2019-09-04, 12:00–12:30, Track 3 (Oteiza)
Good practices tell you must write tests! But testing Machine Learning projects can be really complicated. Test writing seems often inefficient. Which kind of test should be written? How to write them? What are the benefits?
Once your machine learning POC seems promising and your development environment is set up, the next step is to refactor your code and write TESTS. We know that a lot of people think tests are too complicated and boring to write and they are not very useful. Some manual checks can address the need.
It is not totally false. Tests can be really boring and time consuming to write when you don't have the right tools, the right APIs, the right environments or the right code structure.
But it is always a bad idea to ignore tests or to perform them manually. If you want to be involved in your project life cycle, if you want to bring it from POC to production you need to care about tests. After some years tackling production bugs, you can't feel safe delivering without tests as you can't start driving until your seat belt is fastened.

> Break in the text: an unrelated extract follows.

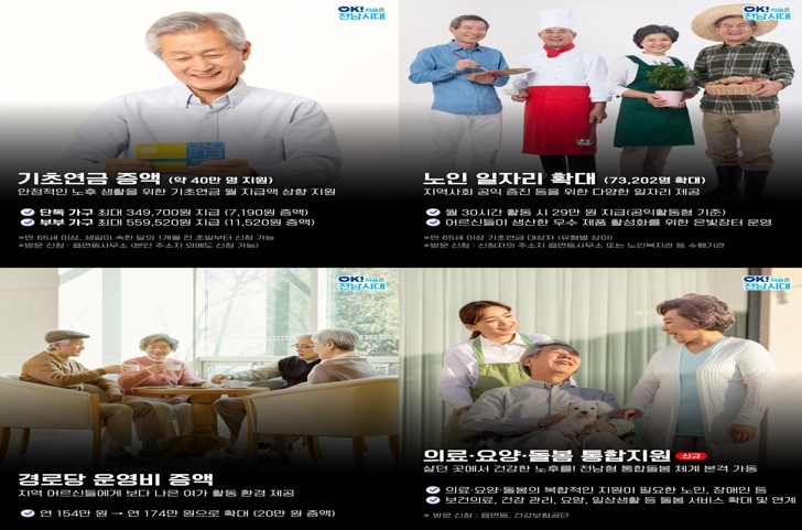 이현숙 전남도 노인복지과장은 “어르신이 살던 곳에서 안전하고 활기찬 노후를 보내도록 어르신 맞춤형 정책을 지속해서 추진하겠다”고 강조했다.

There is more than one way to test. Tests can be split on several levels (unit, component, functional, performances, etc...) to be able to quickly identify the faulty code/data/parameter. Tests must also be automated in a Continuous Integration and run at least on each experiment before merging it in the baseline pipeline as it is done in software engineering (the CI is triggered on each feature branch).
This talk is about how to easily write tests and testable code, how to avoid most common traps and what are the benefits of tests on unrealistic data in your Machine Learning project.
(Tests on real data are also really important but they are not the main purpose of this talk.)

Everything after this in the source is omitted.